Reputation: 375
I am making a ggplot. The x-axis are factors, and the labels are long.
I can't shorten the labels, they're as short as they can be.
I am interested to make it so that labels are vertically offset. My preference would be to have every odd label at height 0, and every even at height 2 units more distant from the x-axis.
I have looked here, ggplot-hopeful-help, but have real trouble interpreting what is going on, and so can't make a useful version of this.
Any ideas??
(example code below... I'm not very good at formatting code here, it appears... sry.)
library("ggplot2");
stack <- data.frame(value =rnorm(n = 1000, sd = 2, mean=34)); stack$fact <- as.factor(rep(1:5, each=1000/5));
ggplot(stack, aes(x=fact, y=value)) + geom_boxplot(aes(fill=fact))+ scale_x_discrete(breaks=c("1", "2", "3", "4", "5"), labels=c("hi","don't suggest I shorten the text","I need long labels", "This is a long factor label","This label is very long"))
Upvotes: 3
Views: 8491
Reputation: 124213
Since guide_axis
was added in version 3.3.0
ggplot2
now offers an out-of-the-box option to place axis labels on multiple rows using the n.dogde
argument of guide_axis
:
library(ggplot2)
set.seed(123)
stack <- data.frame(value = rnorm(n = 1000, sd = 2, mean = 34))

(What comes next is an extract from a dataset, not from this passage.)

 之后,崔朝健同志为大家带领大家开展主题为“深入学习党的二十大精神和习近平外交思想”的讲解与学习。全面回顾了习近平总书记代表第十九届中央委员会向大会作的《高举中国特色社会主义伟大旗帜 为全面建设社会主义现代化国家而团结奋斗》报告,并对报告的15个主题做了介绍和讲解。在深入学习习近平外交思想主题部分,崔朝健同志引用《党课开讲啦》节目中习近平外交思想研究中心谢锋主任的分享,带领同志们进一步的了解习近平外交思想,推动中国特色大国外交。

stack$fact <- as.factor(rep(1:5, each = 1000 / 5))
ggplot(stack, aes(x = fact, y = value)) +
geom_boxplot(aes(fill = fact)) +
scale_x_discrete(
breaks = c("1", "2", "3", "4", "5"),
labels = c(
"hi", "don't suggest I shorten the text", "I need long labels",
"This is a long factor label", "This label is very long"
),
guide = guide_axis(n.dodge = 2)
)
Upvotes: 1
Reputation: 145775
Understand it or not, it seems to work pretty well. Calling the plot in your question your_plot
:
your_plot + theme(axis.text.x = element_text(vjust = grid::unit(c(-2, 0, 2), "points")))
Specifying preferences in theme()
is the way to make adjustments to the trappings of your ggplot. axis.text.x
is modifying only the x-axis text, which is created with preferences set by element_text()

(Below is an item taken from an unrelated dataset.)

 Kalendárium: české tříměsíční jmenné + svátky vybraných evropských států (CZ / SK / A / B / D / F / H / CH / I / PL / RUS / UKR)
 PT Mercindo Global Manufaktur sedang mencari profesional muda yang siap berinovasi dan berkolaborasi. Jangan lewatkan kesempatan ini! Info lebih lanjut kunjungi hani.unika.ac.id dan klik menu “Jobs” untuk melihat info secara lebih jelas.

. You could specify the font size, the font family, an angle for rotation, etc., in element_text()
. vjust
stands for "vertical justification", so setting the vjust
to three values, -2, 0 and 2 is applying those values to successive x-axis labels. (Apparently the negative is up, which surprised me.)
Using grid::unit()
allows us to specify the units (in this case points) by which the text is vertically moved. Looking at ?grid::units
reveals that you could use inches, cm, or several other units.
The only problem is the overlap with the x axis title. I think the easiest way to fix this is to add a couple linebreaks "\n"
before it:
your_plot +
theme(axis.text.x = element_text(vjust = grid::unit(c(-2, 0, 2), "points"))) +
labs(x = "\n\nfact")
Another solution would be to rotate the text:
your_plot + theme(axis.text.x = element_text(angle = -90, hjust = 0, vjust = 0))
For more reading, there's a whole vignette on ggplot2 theming.
Upvotes: 8
Reputation: 129
stack <- data.frame(value =rnorm(n = 1000, sd = 2, mean=34))
stack$fact <- as.factor(rep(1:5, each=1000/5))
ggplot(stack, aes(x=fact, y=value)) +
geom_boxplot(aes(fill=fact)) +
scale_x_discrete(breaks=c("1", "2", "3", "4", "5"), labels=c("hi","don't suggest I shorten the text","I need long labels", "This is a long factor label","This label is very long"))+
theme(axis.text.x = element_text(vjust = grid::unit(c(0, 2), "points"))) +
theme(axis.title.x = element_text(vjust = -0.6))
Actually the solution discussed in the link you reported required only slight modification. I also added
theme(axis.title.x = element_text(vjust = -0.6))
to lower x-axis label to prevent overlapping.